FIGS. 1 and 2 show the metallographic structure photograph of an optical microscope and the metallographic structure photograph of a scanning electron microscope, respectively, of example 3 of the high-tensile steel. As can be seen from figure 1, the metallographic structure of the finished steel plate is tempered sorbite, the structure is fine, the grain size of the tempered sorbite is 3-5 micrometers, the width of a tempered sorbite sheet layer is 30-90 nanometers, the grain size of the tempered sorbite of the same components is about 15-20 micrometers according to the conventional heat treatment process, and the width of the tempered sorbite sheet layer is hundreds of nanometers.
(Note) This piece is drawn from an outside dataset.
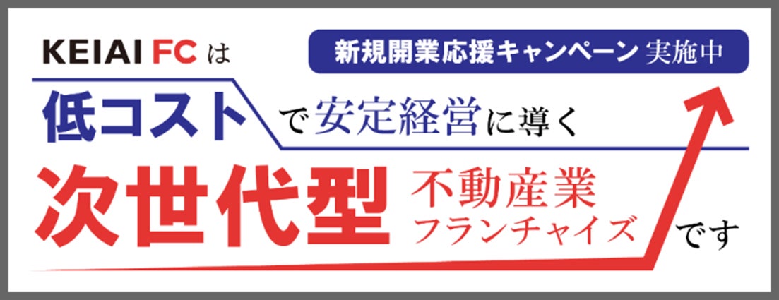 内 容:不動産売買仲介フランチャイズの運営本部を行うKEIAI FCが、『これからの時代を生き抜くための不動産業のあり方として必要な観点』と『潰れない経営を実現する方法』を伝えます。

As can be seen from FIG. 2, the carbide precipitates in the form of particles, in which 90% or more of the carbide particles have a size of 10nm or less, are formed in a long time by conventional heat treatment, and coarse lamellar carbide precipitates having a size of several tens to several hundreds of nm are formed.

The invention adopts the controlled rolling and controlled cooling and the off-line rapid heat treatment process, controls the chemical composition design, the heating speed, the heat preservation time, the cooling speed and the like in the heat treatment process, ensures that the steel plate has high strength and obviously improves the plasticity and the toughness.

Claims

1. The high-strength steel for 1100 MPa-grade engineering machinery comprises the following chemical components in percentage by weight: c:0.20 to 0.24%, si:0.30 to 0.50%, mn: 0.80-1.60%, cr:0.20 to 0.70%, mo:0.40 to 0.70%, W:0 to 0.80%, ni:0.30 to 0.80%, cu:0 to 0.40%, nb:0.010 to 0.030%, ti:0.010 to 0.030%, V: 0.010-0.050%, B:0.0005 to 0.0030%, al: 0.02-0.06%, ca:0.001 to 0.004%, N: 0.002-0.005%, P is less than or equal to 0.020%, S is less than or equal to 0.0050%, O is less than or equal to 0.0040%, and the balance is Fe and other inevitable impurities; and, the above elements simultaneously need to satisfy the following relations:

the metallographic structure of the high-strength steel is tempered sorbite, wherein the grain size of the tempered sorbite is 3-5 mu m, and the width of a tempered sorbite sheet layer is 30-90 nm; the carbides in the high-strength steel are distributed in a dispersion particle shape, and the size of more than 90 percent of the carbides is less than 10 nm;

the yield strength of the high-strength steel is more than or equal to 1100MPa, the tensile strength is more than or equal to 1150MPa, the elongation is more than 16%, and the impact energy at-60 ℃ is more than 100J.

2. The production method of the high-strength steel for the 1100 MPa-level engineering machinery, according to claim 1, is characterized by comprising the following steps:

1) Smelting and casting

Smelting steel by a converter or an electric furnace, refining and casting to form a casting blank according to the chemical components in the claim 1;

2) Heating of

3) Rolling of

4) Cooling

5) Heat treatment of

Quenching, heating the steel plate to Ac at a heating rate of 15-80 ℃/s ₃ 30-80 deg.C, keeping the core of the steel plate at the heating temperature20-40 s, and then cooling to room temperature at a cooling speed of more than or equal to 150 ℃/s:

Ac ₃ ＝955-350C-25Mn+51Si+106Nb+100Ti+68Al-11Cr-33Ni-16Cu+67Mo；

3. The method for producing the high-strength steel for the 1100 MPa-grade engineering machinery according to claim 2, wherein in the step 5), the heating mode is electromagnetic induction heating, resistance heating or direct fire heating.

4. The method for producing the high-strength steel for the 1100 MPa-level engineering machinery according to claim 2, wherein in the step 5), the cooling is performed by using high-pressure water, gas mist or water mist.